Ventromedial Hypothalamic Lesions Inhibit Corticosteroid Feedback Regulation of Basal ACTH during the Trough of the Circadian Rhythm

We have determined the effects of bilateral electrolytic lesions of the ventromedial hypothalamus (VMH) on activity in the hypothalamo-pituitary-adrenal (HPA) system. Acutely, during the first 5 days, lesions of the anterior-medial VMH caused loss of the diurnal rhythms in food intake and plasma corticosterone (B) levels. Plasma B concentrations were elevated during the time of the normal trough of the basal diurnal rhythm in HPA axis activity and the diurnal rhythm in food intake was abolished, in agreement with the results of others. Consistent with hyperactivity in the HPA axis, lesioned rats had increased adrenal weight, decreased thymus and body weights and decreased plasma transcortin concentrations. To determine how lesions of the VMH provoke these increases in activity of the HPA system, the sensitivity of ACTH in adrenalectomized, lesioned rats to replacement with exogenous B was determined under basal conditions during the trough (morning-AM) and peak (evening-PM) of the diurnal rhythm in HPA axis activity. ACTH in lesioned rats in the AM was insensitive to feedback over the very low range of plasma B of 1-4 micrograms/dl, whereas sham-lesioned controls exhibited the normal, high sensitivity of ACTH to B at this time of day. There was no difference between the sensitivity of ACTH to this low range of B in the PM in VMH- and sham-lesioned rats.

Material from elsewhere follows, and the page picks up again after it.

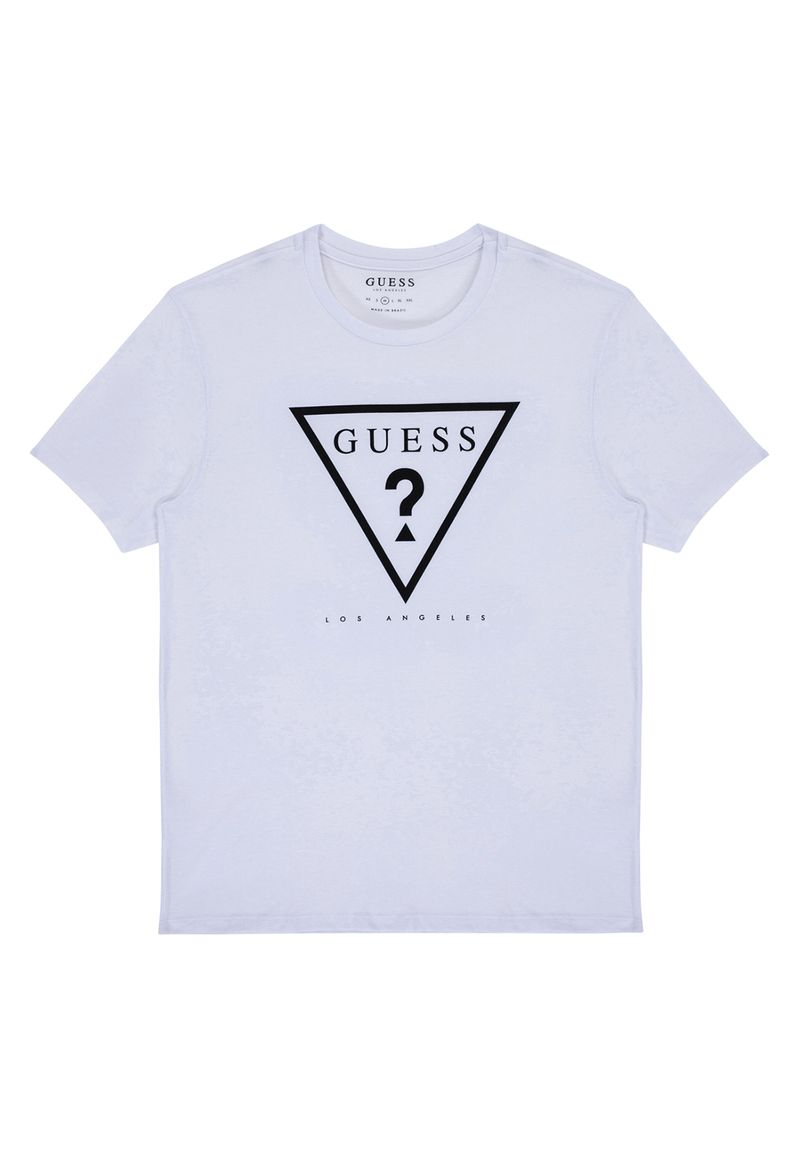 O destaque da peça fica por conta do clássico logo triangular Guess, estampado em silk na parte frontal, que adiciona identidade e personalidade ao visual. O decote careca complementa o design com um acabamento tradicional e fácil de combinar com diferentes peças.

Two to 5 weeks after VMH lesions, as found by others, mean daily plasma B levels did not differ from sham-lesioned controls; however, plasma B during the AM was still mildly elevated in these rats. Inhibition of plasma B in the PM by dexamethasone was less effective in lesioned rats. Although HPA system responses to hypoglycemia, corticotropin-releasing factor and ACTH were normal, the lesioned rats exhibited obesity, hyperinsulinemia, hyperglycemia, hypertension and tachycardia, all signs consistent with mild hyperactivity of the PHA axis. Occupancy of type I, high-affinity corticosteroid receptors is known to control basal activity of the HPA system during the trough of the diurnal rhythm and to interact with glucocorticoid receptors to affect basal activity during the peak of the diurnal rhythm and during AM stress. We conclude that VMH lesions disrupt transmission of inhibitory signals, mediated by occupancy of type I corticosteroid receptors, that are initiated by a B feed-back site.